Айрант не стал спорить, он просто вылил содержимое стакана в свою внутренность и поморщился от удовольствия. Затем взял внушительный кусок только что согретых окороков и, аппетитно чавкая, принялся поглощать свою закуску. После воодушевленно произнес:
– Извини, друг, но сегодня просто грех не выпить. Я отмечаю Великое Событие.
Капитан наморщился:
– Чего ты там несешь? Какое еще событие?
– День рождения нашей Вселенной. По моим математическим подсчетам ровно двадцать миллиардов лет назад, в ночь с четверга на пятницу произошел Большой Взрыв, и проявился мир, в котором мы счастливо живем. Согласись, разве это не повод, чтобы выпить? — и пустой стакан вновь стал наполняться остатками самогона.
– Что ты за придурок?
– Не-е… не придурок, — Айрант пьяно поводил пальцем в отрицательном жесте, — а умнейший из всех людей! Двадцать миллиардов старушке стукнуло…

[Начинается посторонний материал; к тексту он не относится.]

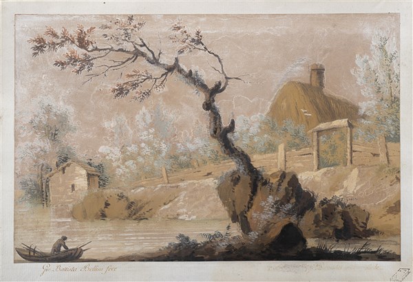 Scuola veneta del secolo XVIII Paesaggio con corso d'acqua Pastelli su carta i
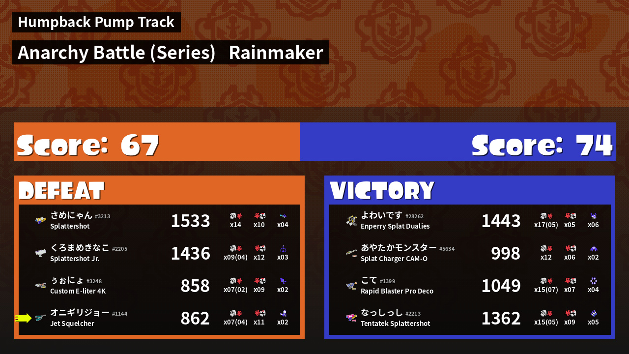 Results of まこりーた's Battle
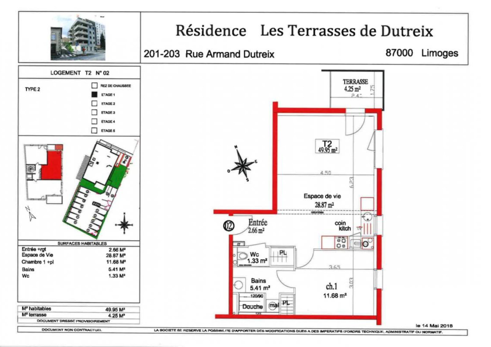 Cet appartement est équipé d'un chauffage au gaz, d'un ascenseur dans la résidence, d'une vue dégagé, de faibles charges de copropriété et bien sur de toutes les garanties décennales sur l'ouvrage. La livraison du bâtiment est prévue au 31/12/2019.

– Скажи, а на завтра у тебя никаких Великих Событий не запланировано?
Бортмех пропустил в себя еще одну порцию жидкой радости и даже зарычал от счастья.
– Завтра… я отмечу то, как круто я отмечал сегодня! Кстати, тебе налить?
– У меня есть предложение, — Кьюнг резко сменил тему, отставляя в сторону бутылку. — Работаем по шестнадцать часов в сутки, а для отдыха и восьми часов достаточно. Не красны девицы, перетерпим.
– Мне все равно. — Айрант прицелился, кинул косточку, надеясь попасть в мусорное ведро, но угодил прямо в стенку. — Прежде надо похоронить Фастера.
– Разумеется… Я думаю, работать надо втроем, если этого калеку Фабиана вообще можно назвать работником. Необходимо проявлять крайнюю осторожность, стараться всегда быть вместе, почаще оглядываться по сторонам. Короче, сам должен соображать, что от этого зависит наша жизнь. Девяносто процентов из ста, что во всем этом деле замешан свихнувшийся маньяк из «Астории». Наверняка он слоняется где-то на планете, выслеживая новую жертву.
Бортмех вяло пожал плечами.
– Кажется, у него уже кончились ножи.
– Было б лучше, если б у него кончился кислород.
– Кстати, сегодня не было Кукольного Театра?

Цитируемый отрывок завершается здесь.